Set your browser to "http://opensource.thai.net" if you want some test data in
Thai.
- cd to mozilla/.. and tar -xzvf libinthai-moz.tar.gz
  The library will be installed in mozilla/intl/inthai
- Copy the dictionary file mozilla/intl/inthai/data/inthai.lex to
  /usr/share/inthai for Linux or the executable directory for Win.
  (you must mkdir /usr/share/inthai first).
Sorry, I forgot to tell that the above patch is made on mozilla 0.9.8 source.
How does the functionality of this patch compare to the functionality of
Mozilla's CTL(=Complex Text Layout) extension ?
as of my knowledge,

CTL provide the functionalities of:
- render Thai characters (cell-base, 4 levels of characters in 1 cell)
- cell-base caret travelling, delete, backspace
- cell-base highlight selection

There's NO wordbreak functionality in CTL (at least, for now).

Prabhat may better clarify this.
please do not attach application/octect-stream type in bugzilla attachment. 
Blocks: thai
I looked at this patch. With some minor changes we could integrate this 
to co-exist with current CTL code. One issue for discussion could be if
anyone in intl team is planning to integrate ICU (which i believe also
provides good thai word-breaking support). Could someone in intl team 
comment on this?

I'd love to hear about using ICU in mozilla. IMHO, this will solve many problems.

> ICU (which i believe also provides good thai word-breaking support)

Thai dictionary-based word-breaker in ICU is not good enough. People from
IBM/Sun Thailand who use/test ICU with Thai language can tell you that. The
problems come from :-
1) Greedy, longest-matching algorithm use in ICU can't handle ambiguous word
sequences at all (it was mentioned as over-kill). Modern algorithms in Thai use
maximal-matching algorithm which use dynamic programming technic to handle
ambiguous sequences efficiently.
2) ICU algorithm don't handle unknown words (words not in the dictionary) very
well. Unknown words happend a lot in real Thai texts so it's *very* serious.
3) It's not been tested enough with Thai so there may be cases that cause error.
One case I can think of is the use of '.' in Thai to denote abbreviations. The
'.' could be threated as part of Thai word or as punctuation (some use it to
denote end of sentences) depend on context and dictionary. The dictionary should
also contain list of abbreviations for this to work.

On the other hand, IMO, ICU's BreakIterator API is the way to go. Libinthai
actually adopted BreakIterator API from the beginning.
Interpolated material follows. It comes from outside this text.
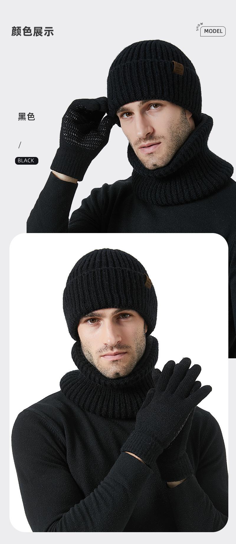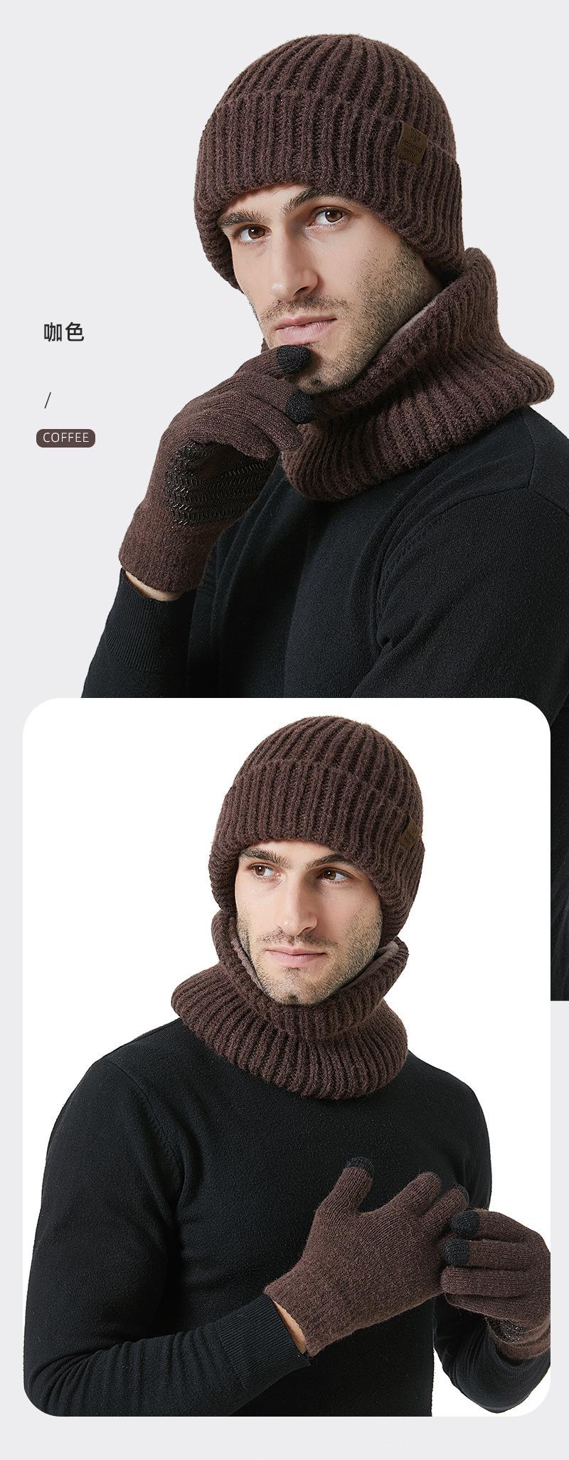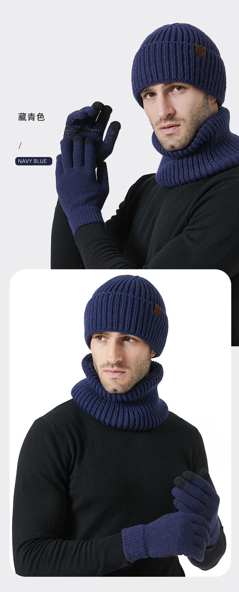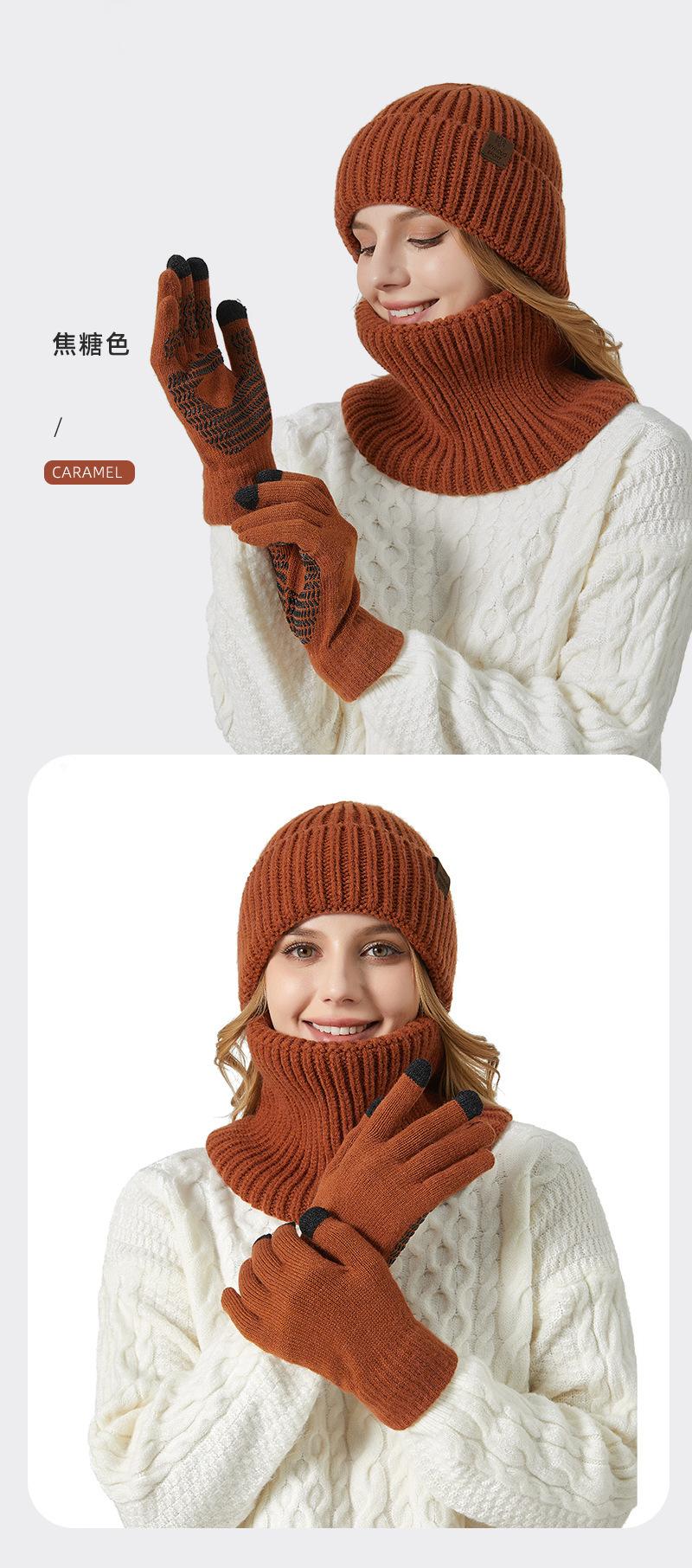 Fábrica de sombreros transfronteriza nuevo invierno sombrero bufanda guantes de pantalla táctil de tres piezas para exteriores cálido sombrero de lana

The interface you see in
my Mozilla patch is the result of painfully adapting the stateful BreakIterator
interface to Mozilla's stateless breaker API. Internally libinthai is ICU
compatible. I think Mozilla should consider using BreakIterator API directly in
the future.
> The work is not finished and have been tested on Linux only.
> There're some problems with it such as :-
> - On Linux the dictionary will be loaded as "/usr/share/inthai/inthai.lex"
> - On other platform it'll be loaded as "inthai.lex" so it must be in 
>   current directory! See mozilla/intl/inthai/src/PackedTrie.cpp

The dependency on the dictionary data file (inthai.lex) in libinthai has been
solved. The (default) main dictionary is compiled-in as a module as in ICU.
We're working on (re)building libinthai on Windows. Now libinthai also has
spelling checking/correction functionality too (spelling check and word breaking
for Thai are the two sides of the same coin).

hi samphan - Please post the latest patch and library with dictionary dependency
removed so that i can get our thai team to verify this. 
thanks,
prabhat
The new libinthai can be d/l at
ftp://opensource.thai.net/pub/office-tle/libinthai_0.9.tar.gz
I haven't look at the patches for a while but will do ASAP if you want to.
BTW, what's the current plan?
1) change current code to use ICU's BreakIterator API and
1.1) go directly to ICU now
1.2) use libinthai until Thai BreakIterator in ICU is ok
2) use libinthai with its mozilla specific API as a temporaly solution

After all, please note that this particular patch (from above) fix the 'bug'
that prevent word-breaking for Thai eventhough the rule-based code is already
check-in (mozilla/intl/lwbrk/src/rulebrk.c) and used to work in old versions.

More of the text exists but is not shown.